Excuse me, sir, could you hurry up and saw off your foot? My son has to pee. (image via haro-online)

Did I mention that I have a teeny tiny hang up about children in dirty public bathrooms? Just a little one. Hardly worth mentioning, really. But I might go a little bit Howard Hughes when confronted with a questionable loo.

However, this was momentous and let’s be frank here, I’m desperate. Desperate to run errands or visit friends without a pull up. Desperate not to have to worry that said pull up might not last the whole visit. Desperate to avoid more phone calls from grandparents and the like asking what to do about Conor’s mental breakdown and refusal to go potty anywhere but home. Desperate to find an incentive that works, so that he can go on to the next year of preschool and eventually college without an adult diaper. Desperate enough to let him go pee anywhere this side of a genocidal body dump. D-E-S-P-E-R-A-T-E.

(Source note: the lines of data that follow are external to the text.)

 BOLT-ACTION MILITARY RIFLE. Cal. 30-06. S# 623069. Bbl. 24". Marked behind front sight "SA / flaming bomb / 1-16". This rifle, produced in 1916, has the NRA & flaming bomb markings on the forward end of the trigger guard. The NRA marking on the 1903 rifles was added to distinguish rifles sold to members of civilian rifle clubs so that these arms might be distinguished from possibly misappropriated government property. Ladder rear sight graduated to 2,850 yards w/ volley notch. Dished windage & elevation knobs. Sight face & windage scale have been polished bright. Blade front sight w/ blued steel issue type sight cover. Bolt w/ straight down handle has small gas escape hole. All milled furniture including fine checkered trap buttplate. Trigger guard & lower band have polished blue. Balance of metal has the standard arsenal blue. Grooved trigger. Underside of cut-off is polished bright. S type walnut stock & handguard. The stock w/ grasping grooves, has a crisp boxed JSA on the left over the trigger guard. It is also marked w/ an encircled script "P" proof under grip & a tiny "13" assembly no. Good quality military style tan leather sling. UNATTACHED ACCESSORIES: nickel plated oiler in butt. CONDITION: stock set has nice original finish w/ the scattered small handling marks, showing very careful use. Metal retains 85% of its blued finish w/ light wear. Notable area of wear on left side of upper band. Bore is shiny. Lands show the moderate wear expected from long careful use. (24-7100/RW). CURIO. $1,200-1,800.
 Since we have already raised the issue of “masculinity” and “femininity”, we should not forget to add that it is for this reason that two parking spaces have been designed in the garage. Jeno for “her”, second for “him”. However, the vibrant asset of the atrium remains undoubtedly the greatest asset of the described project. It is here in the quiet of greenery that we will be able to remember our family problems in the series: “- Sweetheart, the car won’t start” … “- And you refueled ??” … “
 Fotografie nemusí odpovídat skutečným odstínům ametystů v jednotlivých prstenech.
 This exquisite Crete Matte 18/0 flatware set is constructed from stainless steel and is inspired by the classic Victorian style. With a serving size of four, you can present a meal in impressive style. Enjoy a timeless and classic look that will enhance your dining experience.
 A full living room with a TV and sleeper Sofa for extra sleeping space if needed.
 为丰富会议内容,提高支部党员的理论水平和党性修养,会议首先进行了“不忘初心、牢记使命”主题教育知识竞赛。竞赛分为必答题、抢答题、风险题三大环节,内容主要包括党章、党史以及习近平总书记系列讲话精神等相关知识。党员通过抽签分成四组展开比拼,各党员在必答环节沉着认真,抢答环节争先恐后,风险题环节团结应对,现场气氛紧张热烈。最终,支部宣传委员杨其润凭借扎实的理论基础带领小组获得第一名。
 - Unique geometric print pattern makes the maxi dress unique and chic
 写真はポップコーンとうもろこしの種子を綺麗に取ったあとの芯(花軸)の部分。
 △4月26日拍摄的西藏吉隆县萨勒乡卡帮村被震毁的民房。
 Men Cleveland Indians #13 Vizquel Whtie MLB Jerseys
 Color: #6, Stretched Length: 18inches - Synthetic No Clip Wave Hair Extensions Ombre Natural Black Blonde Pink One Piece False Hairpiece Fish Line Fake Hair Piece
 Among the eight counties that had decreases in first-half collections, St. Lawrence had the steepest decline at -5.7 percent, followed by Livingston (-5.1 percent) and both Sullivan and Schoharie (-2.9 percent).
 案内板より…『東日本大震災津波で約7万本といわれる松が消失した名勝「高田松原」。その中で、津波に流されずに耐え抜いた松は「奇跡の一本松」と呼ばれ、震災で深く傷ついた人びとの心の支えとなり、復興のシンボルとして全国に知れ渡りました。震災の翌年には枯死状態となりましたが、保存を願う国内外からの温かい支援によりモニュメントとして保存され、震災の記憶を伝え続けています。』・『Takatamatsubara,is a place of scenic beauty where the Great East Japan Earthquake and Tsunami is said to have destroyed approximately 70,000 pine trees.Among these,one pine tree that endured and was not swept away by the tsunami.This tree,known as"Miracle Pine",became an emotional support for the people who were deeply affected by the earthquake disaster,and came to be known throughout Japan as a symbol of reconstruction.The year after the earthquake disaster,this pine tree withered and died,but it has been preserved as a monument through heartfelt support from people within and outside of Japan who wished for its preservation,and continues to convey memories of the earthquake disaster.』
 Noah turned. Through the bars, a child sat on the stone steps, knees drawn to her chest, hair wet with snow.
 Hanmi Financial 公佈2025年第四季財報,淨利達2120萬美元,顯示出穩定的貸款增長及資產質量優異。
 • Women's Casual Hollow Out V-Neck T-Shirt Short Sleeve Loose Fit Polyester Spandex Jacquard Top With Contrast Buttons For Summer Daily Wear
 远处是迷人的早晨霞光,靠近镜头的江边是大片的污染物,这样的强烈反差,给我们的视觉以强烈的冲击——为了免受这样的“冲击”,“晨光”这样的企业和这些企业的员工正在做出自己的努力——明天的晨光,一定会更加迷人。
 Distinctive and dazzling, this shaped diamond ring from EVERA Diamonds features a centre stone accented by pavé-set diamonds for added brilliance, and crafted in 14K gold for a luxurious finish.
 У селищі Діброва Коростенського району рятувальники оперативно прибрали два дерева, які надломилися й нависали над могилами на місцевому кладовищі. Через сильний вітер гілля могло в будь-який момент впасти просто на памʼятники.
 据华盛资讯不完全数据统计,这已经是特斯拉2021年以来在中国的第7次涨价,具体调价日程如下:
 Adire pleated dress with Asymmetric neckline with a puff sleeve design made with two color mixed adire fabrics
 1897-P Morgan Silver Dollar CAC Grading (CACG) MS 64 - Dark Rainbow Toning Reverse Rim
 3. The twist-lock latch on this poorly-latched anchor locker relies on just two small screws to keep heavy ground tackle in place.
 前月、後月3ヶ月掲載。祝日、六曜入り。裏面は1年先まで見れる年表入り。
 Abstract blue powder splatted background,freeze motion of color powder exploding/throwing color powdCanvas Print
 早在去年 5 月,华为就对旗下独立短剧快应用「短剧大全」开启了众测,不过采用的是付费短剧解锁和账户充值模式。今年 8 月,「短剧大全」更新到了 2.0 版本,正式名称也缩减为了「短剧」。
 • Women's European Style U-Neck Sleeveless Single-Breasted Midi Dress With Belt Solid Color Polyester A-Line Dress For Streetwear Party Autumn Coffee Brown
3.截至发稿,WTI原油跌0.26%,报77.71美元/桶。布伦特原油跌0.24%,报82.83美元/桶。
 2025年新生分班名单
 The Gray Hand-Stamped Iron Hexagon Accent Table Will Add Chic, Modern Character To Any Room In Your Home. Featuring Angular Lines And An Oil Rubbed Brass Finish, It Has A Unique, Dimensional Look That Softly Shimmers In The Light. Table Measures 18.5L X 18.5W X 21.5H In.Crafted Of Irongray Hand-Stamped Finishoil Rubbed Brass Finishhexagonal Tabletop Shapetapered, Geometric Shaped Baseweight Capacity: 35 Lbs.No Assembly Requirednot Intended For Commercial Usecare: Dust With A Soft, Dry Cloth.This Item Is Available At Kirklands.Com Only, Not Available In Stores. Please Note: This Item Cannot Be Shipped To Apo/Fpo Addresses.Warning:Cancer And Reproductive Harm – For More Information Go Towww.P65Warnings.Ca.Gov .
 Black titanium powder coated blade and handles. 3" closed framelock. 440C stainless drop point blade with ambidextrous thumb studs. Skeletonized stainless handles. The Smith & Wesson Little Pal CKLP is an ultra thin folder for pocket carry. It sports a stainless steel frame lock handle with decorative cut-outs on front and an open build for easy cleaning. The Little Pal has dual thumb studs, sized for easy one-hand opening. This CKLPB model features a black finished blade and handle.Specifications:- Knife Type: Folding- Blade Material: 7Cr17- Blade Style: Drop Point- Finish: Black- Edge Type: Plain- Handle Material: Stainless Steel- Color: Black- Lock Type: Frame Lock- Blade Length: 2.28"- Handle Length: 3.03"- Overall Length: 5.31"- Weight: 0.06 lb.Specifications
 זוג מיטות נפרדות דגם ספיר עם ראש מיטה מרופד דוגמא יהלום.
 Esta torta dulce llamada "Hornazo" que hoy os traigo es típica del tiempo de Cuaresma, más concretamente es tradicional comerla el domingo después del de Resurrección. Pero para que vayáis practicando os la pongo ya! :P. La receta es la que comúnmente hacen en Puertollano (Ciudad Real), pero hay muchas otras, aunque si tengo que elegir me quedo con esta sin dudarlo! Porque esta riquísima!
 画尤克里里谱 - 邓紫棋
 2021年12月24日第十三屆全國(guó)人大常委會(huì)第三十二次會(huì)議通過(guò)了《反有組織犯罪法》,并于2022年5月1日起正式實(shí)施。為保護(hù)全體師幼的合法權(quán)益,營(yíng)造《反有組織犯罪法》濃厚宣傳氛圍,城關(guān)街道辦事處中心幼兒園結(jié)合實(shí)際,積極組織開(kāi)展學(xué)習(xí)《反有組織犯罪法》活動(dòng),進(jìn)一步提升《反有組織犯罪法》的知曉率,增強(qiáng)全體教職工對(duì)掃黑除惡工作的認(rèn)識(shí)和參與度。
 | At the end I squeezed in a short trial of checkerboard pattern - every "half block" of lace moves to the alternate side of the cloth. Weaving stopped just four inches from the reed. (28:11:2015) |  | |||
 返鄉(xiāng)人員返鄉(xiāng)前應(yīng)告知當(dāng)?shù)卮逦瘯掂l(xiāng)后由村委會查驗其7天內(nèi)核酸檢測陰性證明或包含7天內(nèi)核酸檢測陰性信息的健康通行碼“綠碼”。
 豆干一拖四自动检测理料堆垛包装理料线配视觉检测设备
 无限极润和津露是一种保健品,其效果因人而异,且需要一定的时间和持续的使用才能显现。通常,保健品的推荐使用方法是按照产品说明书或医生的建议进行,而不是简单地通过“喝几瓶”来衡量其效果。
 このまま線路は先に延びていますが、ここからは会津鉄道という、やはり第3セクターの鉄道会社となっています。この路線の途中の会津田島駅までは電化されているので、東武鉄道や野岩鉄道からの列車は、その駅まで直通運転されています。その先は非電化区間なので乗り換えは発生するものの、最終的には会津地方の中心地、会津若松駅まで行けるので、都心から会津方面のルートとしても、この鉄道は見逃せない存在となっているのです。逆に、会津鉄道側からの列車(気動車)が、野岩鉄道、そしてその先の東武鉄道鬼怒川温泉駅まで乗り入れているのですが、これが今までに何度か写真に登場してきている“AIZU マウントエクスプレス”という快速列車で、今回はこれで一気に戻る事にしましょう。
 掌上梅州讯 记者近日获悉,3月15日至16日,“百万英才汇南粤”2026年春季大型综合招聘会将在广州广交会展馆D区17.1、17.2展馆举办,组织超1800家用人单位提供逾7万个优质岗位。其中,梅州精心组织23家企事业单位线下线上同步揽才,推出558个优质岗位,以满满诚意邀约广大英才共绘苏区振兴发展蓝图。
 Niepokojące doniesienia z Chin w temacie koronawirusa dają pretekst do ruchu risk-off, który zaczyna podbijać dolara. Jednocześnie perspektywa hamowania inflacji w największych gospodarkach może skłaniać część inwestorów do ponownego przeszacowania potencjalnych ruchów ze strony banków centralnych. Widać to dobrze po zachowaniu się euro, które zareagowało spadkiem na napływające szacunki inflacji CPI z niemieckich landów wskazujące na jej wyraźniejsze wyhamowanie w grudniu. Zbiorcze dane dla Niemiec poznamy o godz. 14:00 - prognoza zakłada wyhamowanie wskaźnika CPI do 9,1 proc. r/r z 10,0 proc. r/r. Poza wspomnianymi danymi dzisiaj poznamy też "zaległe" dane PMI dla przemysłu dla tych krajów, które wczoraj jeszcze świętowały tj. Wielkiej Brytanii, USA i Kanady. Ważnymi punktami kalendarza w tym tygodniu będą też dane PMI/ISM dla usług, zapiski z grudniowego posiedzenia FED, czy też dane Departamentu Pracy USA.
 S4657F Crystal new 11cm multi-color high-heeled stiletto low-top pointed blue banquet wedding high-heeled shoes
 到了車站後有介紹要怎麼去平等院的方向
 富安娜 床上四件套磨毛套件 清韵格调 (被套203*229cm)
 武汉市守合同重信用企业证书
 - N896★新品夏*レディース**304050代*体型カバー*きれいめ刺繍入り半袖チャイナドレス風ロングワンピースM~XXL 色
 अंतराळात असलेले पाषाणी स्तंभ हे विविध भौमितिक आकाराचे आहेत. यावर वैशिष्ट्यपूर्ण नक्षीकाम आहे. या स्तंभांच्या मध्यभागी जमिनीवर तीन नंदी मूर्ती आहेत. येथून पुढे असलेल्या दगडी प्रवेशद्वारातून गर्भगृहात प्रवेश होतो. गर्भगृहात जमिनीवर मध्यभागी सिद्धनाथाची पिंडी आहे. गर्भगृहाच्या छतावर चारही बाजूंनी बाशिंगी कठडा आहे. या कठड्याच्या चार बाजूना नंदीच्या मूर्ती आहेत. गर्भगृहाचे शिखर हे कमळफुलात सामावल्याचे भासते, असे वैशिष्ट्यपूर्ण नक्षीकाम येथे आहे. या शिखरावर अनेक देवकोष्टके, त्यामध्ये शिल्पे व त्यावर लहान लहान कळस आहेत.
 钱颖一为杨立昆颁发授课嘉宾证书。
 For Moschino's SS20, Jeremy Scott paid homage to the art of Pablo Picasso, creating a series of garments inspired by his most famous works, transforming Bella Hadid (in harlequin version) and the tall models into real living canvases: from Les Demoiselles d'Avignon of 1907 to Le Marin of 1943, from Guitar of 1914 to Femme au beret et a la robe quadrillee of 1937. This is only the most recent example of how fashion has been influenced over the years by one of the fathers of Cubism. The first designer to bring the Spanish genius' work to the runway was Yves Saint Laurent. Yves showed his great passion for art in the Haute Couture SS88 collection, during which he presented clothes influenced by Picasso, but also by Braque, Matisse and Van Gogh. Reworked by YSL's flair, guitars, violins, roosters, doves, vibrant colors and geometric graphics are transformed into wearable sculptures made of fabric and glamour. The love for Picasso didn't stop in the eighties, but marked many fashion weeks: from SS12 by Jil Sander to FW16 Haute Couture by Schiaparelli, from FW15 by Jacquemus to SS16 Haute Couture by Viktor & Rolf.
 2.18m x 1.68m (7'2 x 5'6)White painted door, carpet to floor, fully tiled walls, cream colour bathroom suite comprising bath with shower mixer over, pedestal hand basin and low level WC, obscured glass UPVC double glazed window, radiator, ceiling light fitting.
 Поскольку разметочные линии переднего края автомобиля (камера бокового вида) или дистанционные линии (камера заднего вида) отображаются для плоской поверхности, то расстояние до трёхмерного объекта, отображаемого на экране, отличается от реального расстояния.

So you best believe I muttered words of encouragement through my gritted teeth and tried my best to go to my happy place (a place where everyone is potty trained and surfaces are well cleaned, by the way) while Conor and I stood in that nuclear waste dump of a bathroom. I didn’t throw up in my mouth or do the heebie jeebie dance when we exited either. We calmly washed our hands. Twice. And then we went and got the big boy a Happy Meal.

A proud boy with his happy meal

I will swab him down with disinfectant and burn his clothes later after my bleach bath.

Not a bleach bath!

Oh and did I mention that he also let a little girl go ahead of him on the slide, saying “Ladies before genamen?”  Hubs and I couldn’t be prouder of Conor if he speed assembled an M16. Well I guess I should only speak for myself there. The speed assembly would probably bring Hubs to tears. My standards are lower and less sanitary.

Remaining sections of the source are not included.